Problem statement:
Please return only the lines from the one showing "전라남도교육청이 '더불어 건강함, 탄탄한" to the end of the entries, keeping both ends and dropping every picture.

[Opening Task data section]

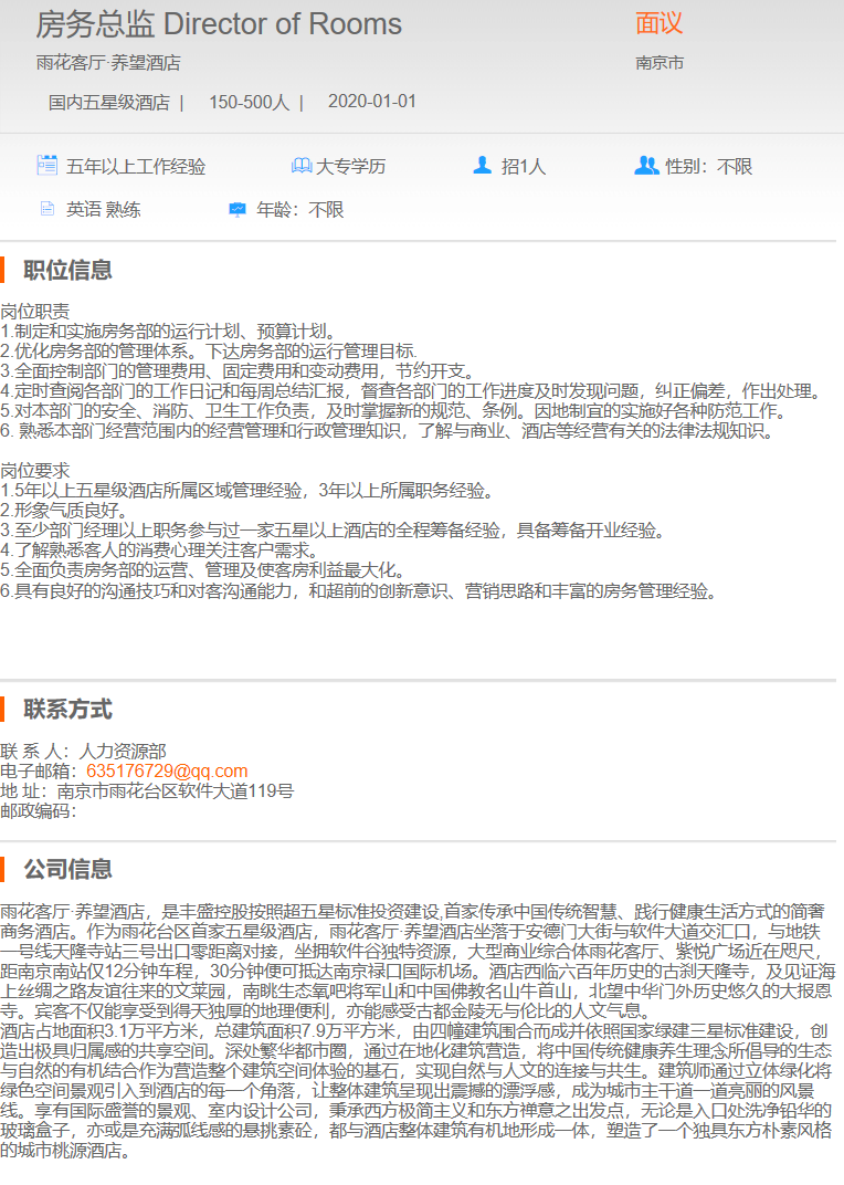 南京雨花客厅 养望酒店 房务总监
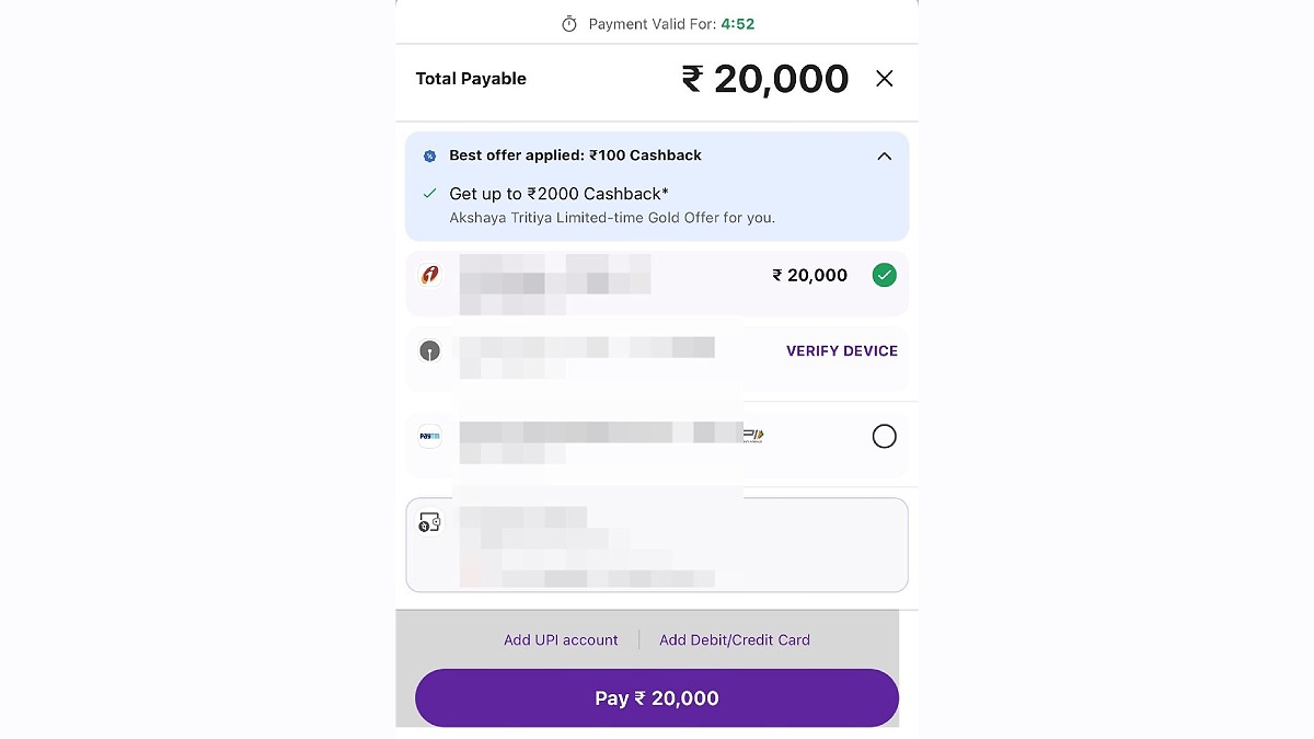 Step 6: Select the bank account to make a UPI payment to purchase the gold.
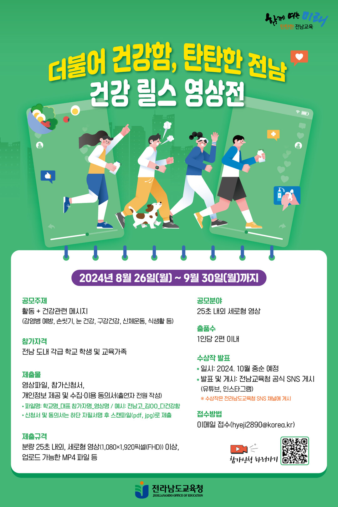 전라남도교육청이 '더불어 건강함, 탄탄한 전남' 건강 릴스 영상공모전을 26일부터 다음달 30일까지 접수한다.
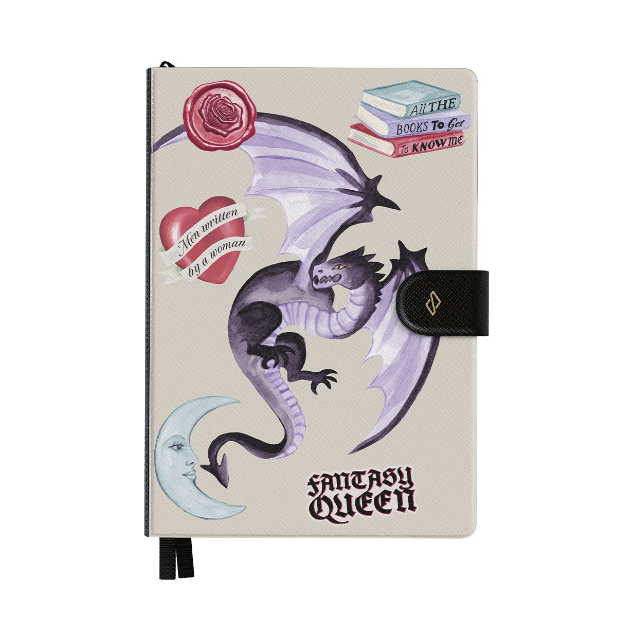 This design features: purple dragon, "Fantasy Queen" sticker, crescent moon, purple wax seal, heart with message, books
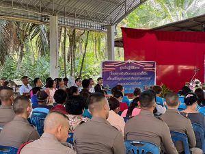 เมื่อวันที่ 4 เม.ย.2566 เวลา 13.00 น. ภายใต้การอำนวยการของ ว่าที่ พ.ต.อ.สมศักดิ์ กองทิพย์ ผกก.สภ.นาขยาด พ.ต.ท.พิทักษ์พล สมพงศ์ รอง ผกก.ป.ฯ, พ.ต.ท.อิดิศักดิ์ รอดพูล สว.สส.ฯ พ.ต.ท.หญิง ณัฐรดา ทองบุญนุ้ย สว.อก.ฯ พ.ต.ต.วิรัตน์ พรหมทอง สวป.ฯ และตำรวจิตอาสา, ชุดปฏิบัติการชุมชนยั่งยื่น สภ.นาขยาด ร่วมกับฝ่ายปกคอรง หน่วยงานและประชาชนในพื้นที่ชุมชนบ้านใสควายฟัน ม.11 ต.นาขยาด อ.ควนขนุน จว.พัทลุง จัดกิจกรรมร่วมรณรงค์ประชาสัมพันธ์ให้ประชาชนเข้าใจถึงแนวทางการแก้ไขปัญหายาเสพติดแบบครบวงจร ตามยุทธศาสตร์ชาติ โดยมีนายภูดิศ ชนะวรรณโณ นายอำเภอควนขนุน เป็นประธานในพิธี และได้ร่วมรณรงค์ประชาสัมพันธ์ให้ประชาชนเข้าใจถึงแนวทางแก้ไขปัญหายาเสพติดเพื่อสร้างชุมชนยั่งยืนต่อไป และได้ร่วมตรวจปัสสาวะเพื่อหาสารเสพติดให้แก่ประชาชนที่เข้าร่วมโครงการฯ
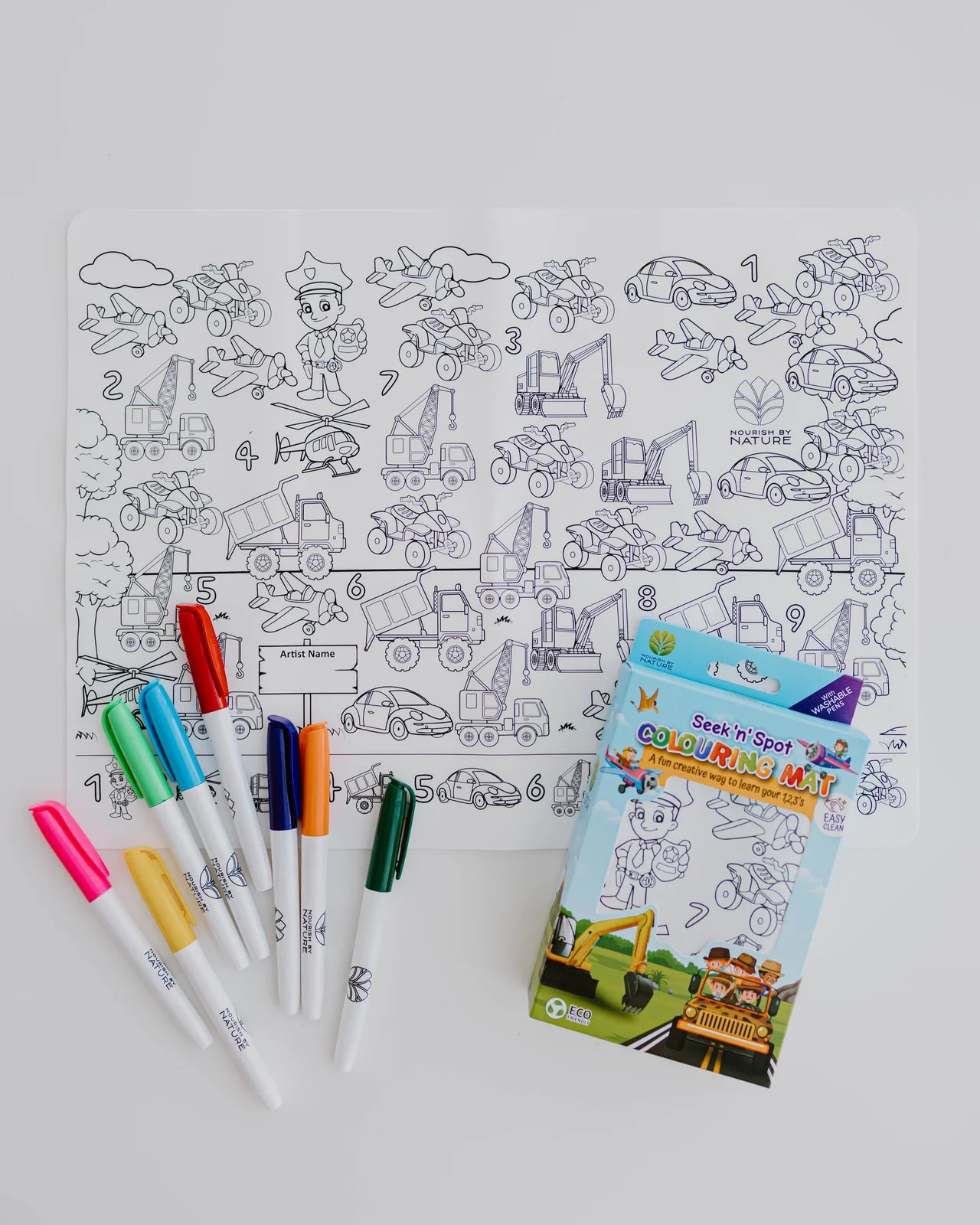 The Seek N Spot Silicone Colouring Mat – Cars & Trucks edition is a reusable activity mat designed to spark curiosity and creativity in transport-loving kids. Featuring a detailed A3 cityscape filled with vehicles to colour, count, and find, it offers an engaging, screen-free way to support learning through play.

[Closing Task data section]

Output of the exercise:
 전라남도교육청이 '더불어 건강함, 탄탄한 전남' 건강 릴스 영상공모전을 26일부터 다음달 30일까지 접수한다.
 This design features: purple dragon, "Fantasy Queen" sticker, crescent moon, purple wax seal, heart with message, books
 เมื่อวันที่ 4 เม.ย.2566 เวลา 13.00 น. ภายใต้การอำนวยการของ ว่าที่ พ.ต.อ.สมศักดิ์ กองทิพย์ ผกก.สภ.นาขยาด พ.ต.ท.พิทักษ์พล สมพงศ์ รอง ผกก.ป.ฯ, พ.ต.ท.อิดิศักดิ์ รอดพูล สว.สส.ฯ พ.ต.ท.หญิง ณัฐรดา ทองบุญนุ้ย สว.อก.ฯ พ.ต.ต.วิรัตน์ พรหมทอง สวป.ฯ และตำรวจิตอาสา, ชุดปฏิบัติการชุมชนยั่งยื่น สภ.นาขยาด ร่วมกับฝ่ายปกคอรง หน่วยงานและประชาชนในพื้นที่ชุมชนบ้านใสควายฟัน ม.11 ต.นาขยาด อ.ควนขนุน จว.พัทลุง จัดกิจกรรมร่วมรณรงค์ประชาสัมพันธ์ให้ประชาชนเข้าใจถึงแนวทางการแก้ไขปัญหายาเสพติดแบบครบวงจร ตามยุทธศาสตร์ชาติ โดยมีนายภูดิศ ชนะวรรณโณ นายอำเภอควนขนุน เป็นประธานในพิธี และได้ร่วมรณรงค์ประชาสัมพันธ์ให้ประชาชนเข้าใจถึงแนวทางแก้ไขปัญหายาเสพติดเพื่อสร้างชุมชนยั่งยืนต่อไป และได้ร่วมตรวจปัสสาวะเพื่อหาสารเสพติดให้แก่ประชาชนที่เข้าร่วมโครงการฯ
 The Seek N Spot Silicone Colouring Mat – Cars & Trucks edition is a reusable activity mat designed to spark curiosity and creativity in transport-loving kids. Featuring a detailed A3 cityscape filled with vehicles to colour, count, and find, it offers an engaging, screen-free way to support learning through play.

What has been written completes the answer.